Keep each series tidy before combining.

In [None]:
world_sources = []
for label, frame, value_col in [
    ("Hydro", hydro, "Hydro (% equivalent primary energy)"),
    ("Wind", wind, "Wind (% equivalent primary energy)"),
    ("Solar", solar, "Solar (% equivalent primary energy)"),
]:
    subset = frame.loc[frame["Entity"] == "World", ["Year", value_col]].rename(columns={value_col: label})
    world_sources.append(subset)

world_mix = world_total.copy()
for piece in world_sources:
    world_mix = world_mix.merge(piece, on="Year", how="left")

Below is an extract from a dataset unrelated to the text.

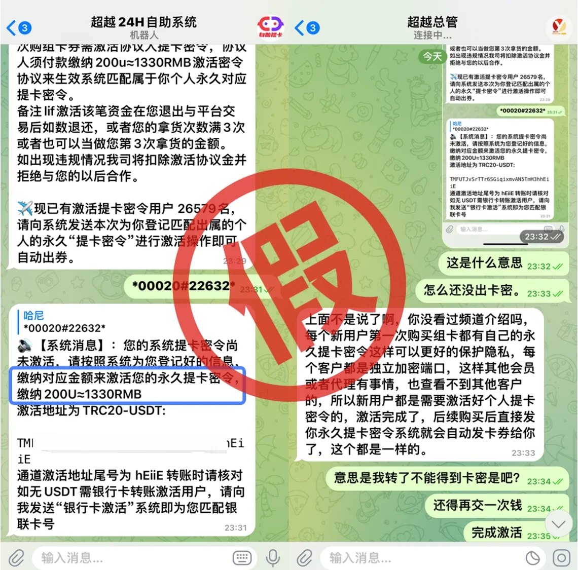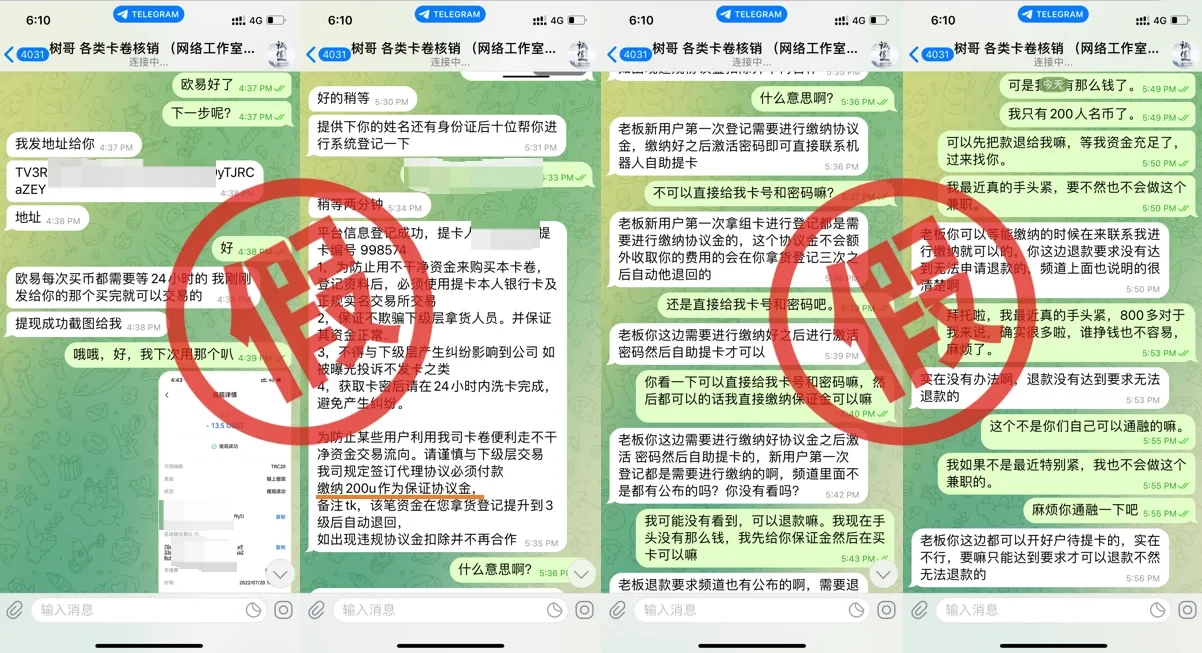 当然,就算付了款,用户也不会如愿拿到充值卡和收益的。骗子可能会直接卷款失联,或者发来假卡,然后卷款失联。

validate_columns(world_mix, ["Year", "TotalRenewables", "Hydro", "Wind", "Solar"])
quick_check(world_mix.tail(), name="World renewable mix")


### Step 6 · Reshape for flexible plotting

A long format simplifies stacked areas and grouped bars.

In [None]:
world_long = world_mix.melt(
    id_vars="Year",
    value_vars=["Hydro", "Wind", "Solar"],
    var_name="Technology",
    value_name="Share",
)
quick_check(world_long.tail(), name="Long-format renewables")

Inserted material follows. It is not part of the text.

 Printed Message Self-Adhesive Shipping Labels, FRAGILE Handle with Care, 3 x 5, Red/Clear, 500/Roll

### Step 7 · Story checklist

Fill in the narrative scaffolding before rendering charts.

In [None]:
story = {
    "title": "Renewables Triple, but Fossil Fuels Still Dominate",
    "subtitle": "Global share of primary energy from renewables and the mix of hydro, wind, and solar (1965–2022)",
    "annotation": "Wind and solar now provide >6% combined—small but accelerating since 2005.",
    "source": "Our World in Data, BP Statistical Review 2024 edition",
    "units": "% of primary energy",
}
validate_story_elements(story)


### Step 8 · Line plot of the global renewable share

Confirm the curve climbs steadily after 2000.

In [None]:
fig, ax = plt.subplots(figsize=(10, 5))
ax.plot(world_mix["Year"], world_mix["TotalRenewables"], color="#2a9d8f", linewidth=2.2, marker="o", label="Total renewables")
ax.fill_between(world_mix["Year"], world_mix["TotalRenewables"], color="#2a9d8f", alpha=0.1)
ax.set_title(story["title"], pad=14)
ax.set_xlabel("Year")
ax.set_ylabel(story["units"])
ax.grid(alpha=0.3)
ax.text(0.01, -0.2, f"Source: {story['source']}", transform=ax.transAxes, fontsize=9, ha="left")
annotation_y = world_mix.loc[world_mix["Year"] == 2015, "TotalRenewables"].iloc[0]
ax.annotate(
    story["annotation"],
    xy=(2015, annotation_y),
    xytext=(1995, 22),
    arrowprops=dict(arrowstyle="->", color="#555"),
    fontsize=11,
)
plt.tight_layout()
plt.show()


<details>
<summary>Quick diagnostic</summary>

- Hovering around 5% in 2000, reaching ~15% by 2022.
- If the line is flat, double-check you filtered for `World`.

</details>

### Step 9 · Stacked area chart for the technology mix

Expect hydro to dominate early years, with wind and solar climbing after 2005.

In [None]:
fig_stack, ax_stack = plt.subplots(figsize=(10, 5))
tech_order = ["Hydro", "Wind", "Solar"]
colors = ["#264653", "#e76f51", "#f4a261"]
ax_stack.stackplot(
    world_mix["Year"],
    *(world_mix[tech] for tech in tech_order),
    labels=tech_order,
    colors=colors,
    alpha=0.85,
)
ax_stack.set_xlabel("Year")
ax_stack.set_ylabel(story["units"])
ax_stack.set_title("What powers global renewables?")
ax_stack.legend(loc="upper left")
ax_stack.grid(alpha=0.25)
plt.tight_layout()
plt.show()


### Step 10 · Compare the latest year with a bar chart

A grouped bar clarifies the current composition.

In [None]:
latest_year = int(world_mix["Year"].max())
latest_mix = world_long.loc[world_long["Year"] == latest_year]
fig_bar, ax_bar = plt.subplots(figsize=(6, 4))
sns.barplot(data=latest_mix, x="Technology", y="Share", palette=colors, ax=ax_bar)
ax_bar.set_title(f"Renewable mix in {latest_year}")
ax_bar.set_ylabel(story["units"])
ax_bar.set_xlabel("Technology")
ax_bar.grid(axis="y", alpha=0.3)
plt.tight_layout()
plt.show()


### Step 11 · Save your favourite figure

Pick the chart that best communicates your story before moving on.

In [None]:
save_last_fig(fig_stack, "plots/day02_solution_stack.png")


### Step 12 · Reflection prompts

- Which checkpoints surfaced issues before plotting?
- What headline will you give this comparison?
- Identify one uncertainty (e.g., missing other renewables) to note in discussion.